▶ [Exercise goal] The part to set down runs from the first line of the data below through the line with "Postel do dětského", inclusive; write it exactly and leave out the pictures.

Records contained in a dataset:
- - - - - - -
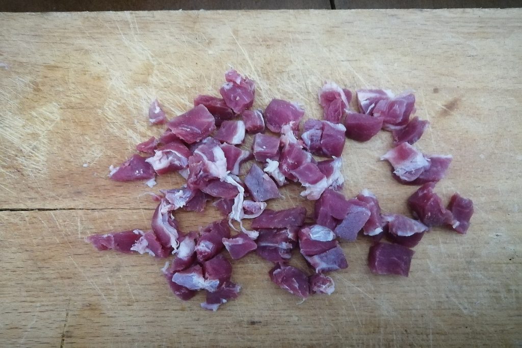 Snijd de rauwe ham in blokjes en probeer zoveel mogelijk vet te verwijderen.
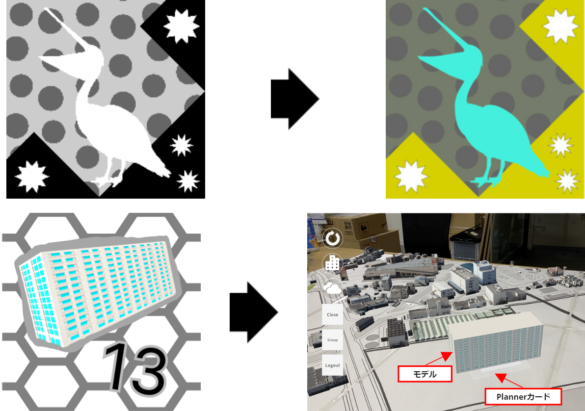 ①位置情報カードを読み込んだ後にPlannerカードを読み込み、モデルを表示させる。
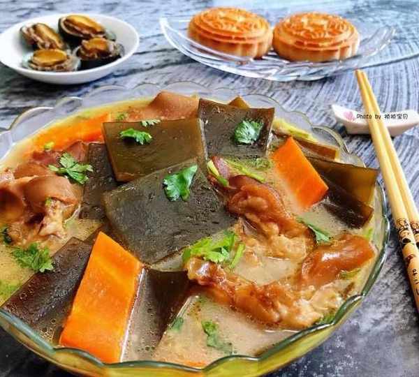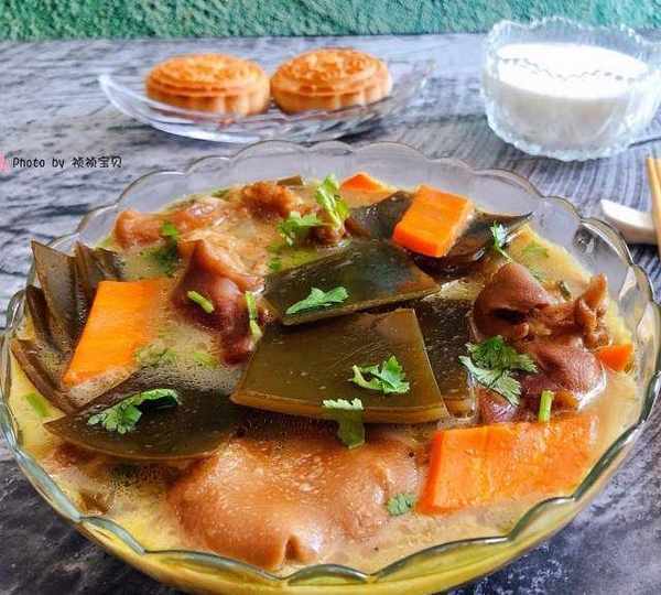 原料:豬蹄、海帶、胡蘿卜、薑、香菜、花椒、八角、料酒、糖、一品鮮醬油、蠔油、鹽、味精。
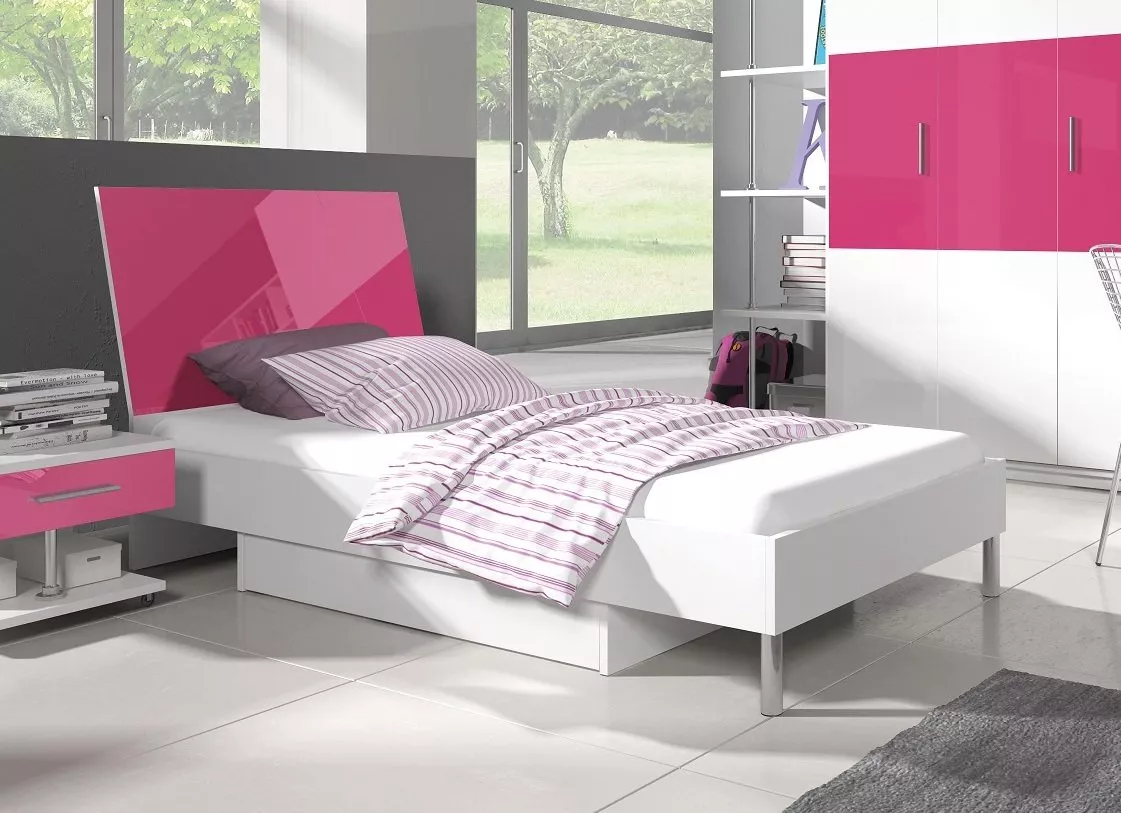 Postel do dětského pokoje RENI 3 - 90x200, bílá / růžová
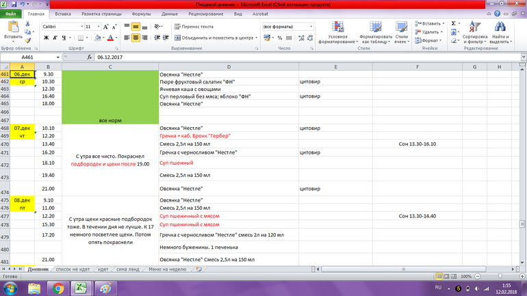 Пробовала и писать в блокнотик и в вордовском документе по дням, все ну удобно, придумала форму в экселе и начала записывать время приема пищи и время когда появлялись какие либо реакции. Очень удобная форма мне кажется. Когда болеет или какие то расстройства ЖКТ, добавляю столбики и в них тоже пишу какие лекарства даю или какой стул был. Вообщем в форме таблицы наглядно выходит, так же можно выделять цветом что либо.
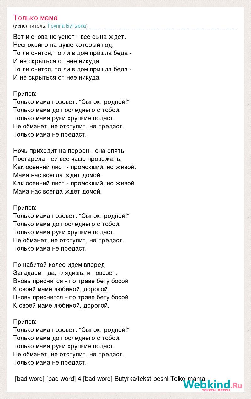 Вот и снова не уснет - все сына ждет. Неспокойно на душе который год. То ли снится, то ли в дом пришла беда - И не скрыться от нее никуда. То ли снится, то ли в дом пришла беда - И не скрыться от нее никуда. Припев: Только мама позовет: "Сынок, родной!" Только мама до последнего с тобой. Только мама руки хрупкие подаст. Не обманет, не отступит, не предаст. Только мама не предаст. Ночь приходит на перрон - она опять Постарела - ей все чаще провожать. Как осенний лист - промокший, но живой. Мама нас всегда ждет домой. Как осенний лист - промокший, но живой. Мама нас всегда ждет домой. Припев: Только мама позовет: "Сынок, родной!" Только мама до последнего с тобой. Только мама руки хрупкие подаст. Не обманет, не отступит, не предаст. Только мама не предаст. По набитой колее идем вперед Загадаем - да, глядишь, и повезет. Вновь приснится - по траве бегу босой К своей маме любимой, дорогой. Вновь приснится - по траве бегу босой К своей маме любимой, дорогой. Припев: Только мама позовет: "Сынок, родной!" Только мама до последнего с тобой. Только мама руки хрупкие подаст. Не обманет, не отступит, не предаст. Только мама не предаст. [bad word] [bad word] 4 [bad word] Butyrka/tekst-pesni-Tolko-mama
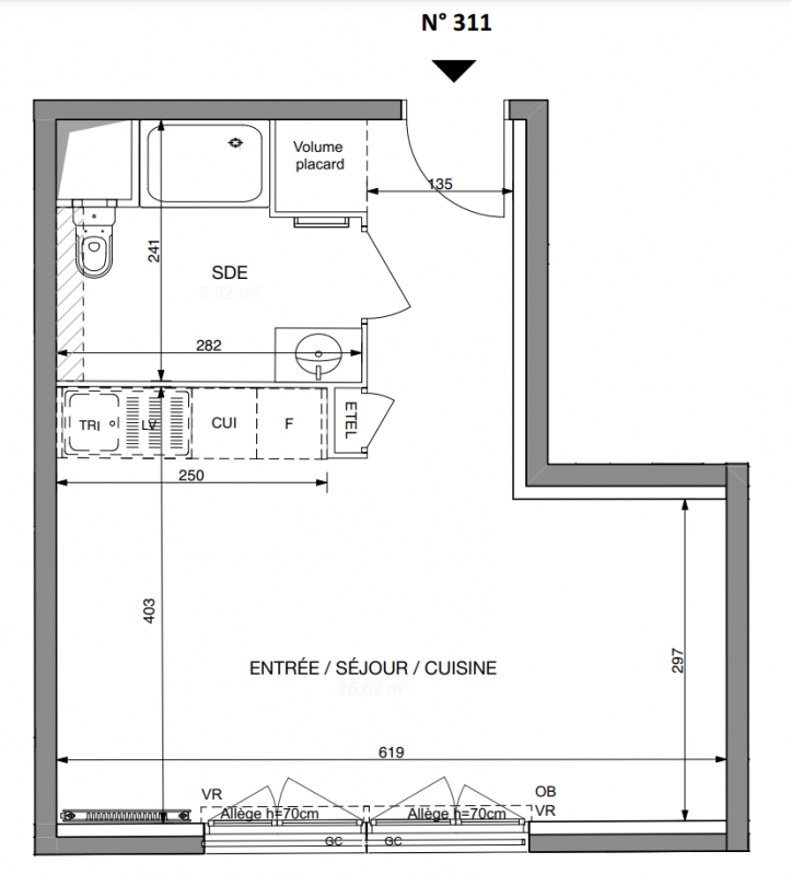245 000€ Appt. Studio 28.57m2 1er
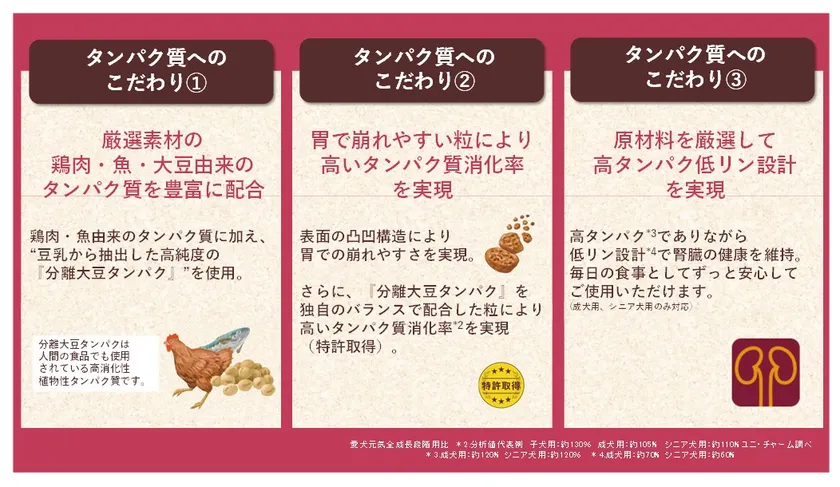 タンパク質消化率の高さを証明し、「大豆タンパクを含んだ消化性の高いペットフード」として特許を取得しました。
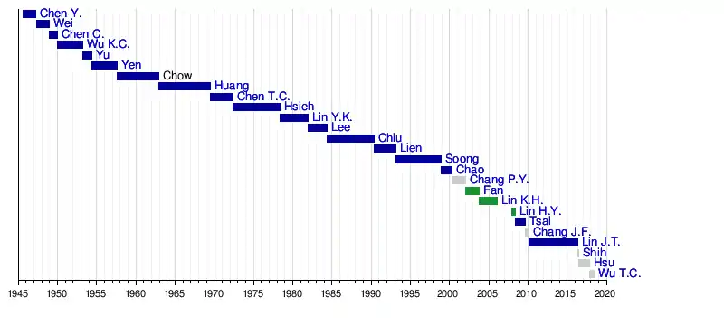 - ↑ 歷任首長 [Past Chiefs]. tpg.gov.tw (in Chinese). Taiwan Provincial Gov't. Retrieved February 22, 2017.
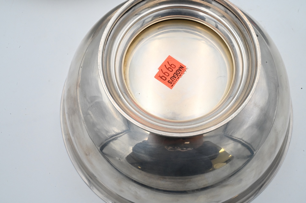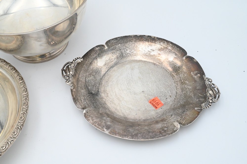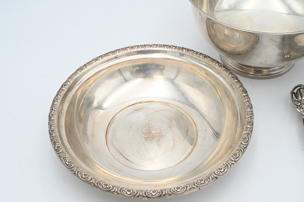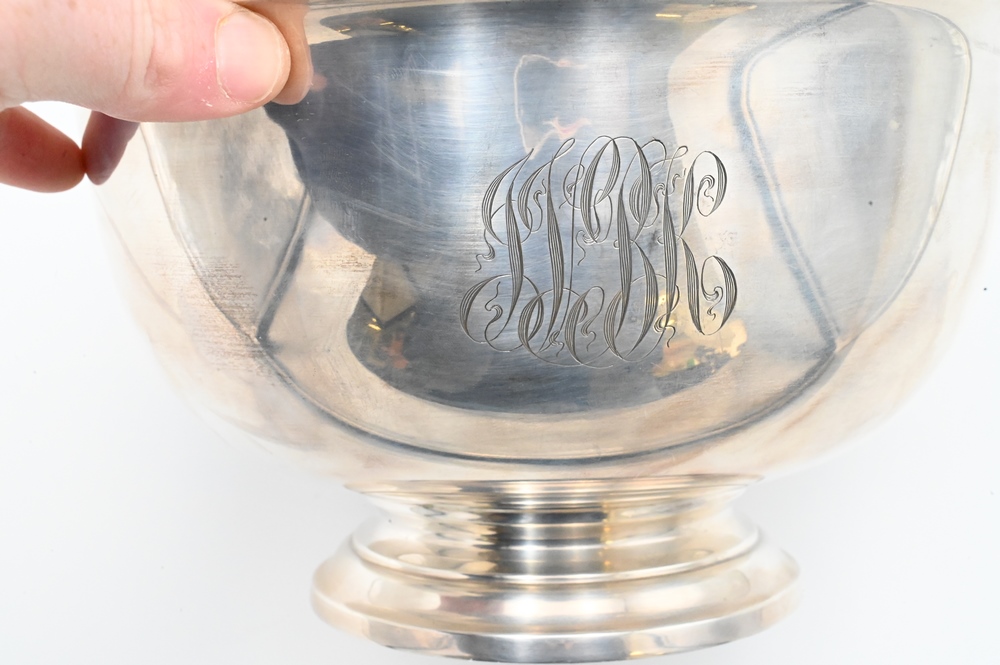 Lot 13: Three Sterling Silver Pieces, to include a large Paul Revere bowl, a Whiting Danish style tray, along with an International Sterling Prelude bowl, 39.9 t.oz, tray length 10 1/2 inches.
- - - - - - -
▶ [Answer below]
 Snijd de rauwe ham in blokjes en probeer zoveel mogelijk vet te verwijderen.
 ①位置情報カードを読み込んだ後にPlannerカードを読み込み、モデルを表示させる。
 原料:豬蹄、海帶、胡蘿卜、薑、香菜、花椒、八角、料酒、糖、一品鮮醬油、蠔油、鹽、味精。
 Postel do dětského pokoje RENI 3 - 90x200, bílá / růžová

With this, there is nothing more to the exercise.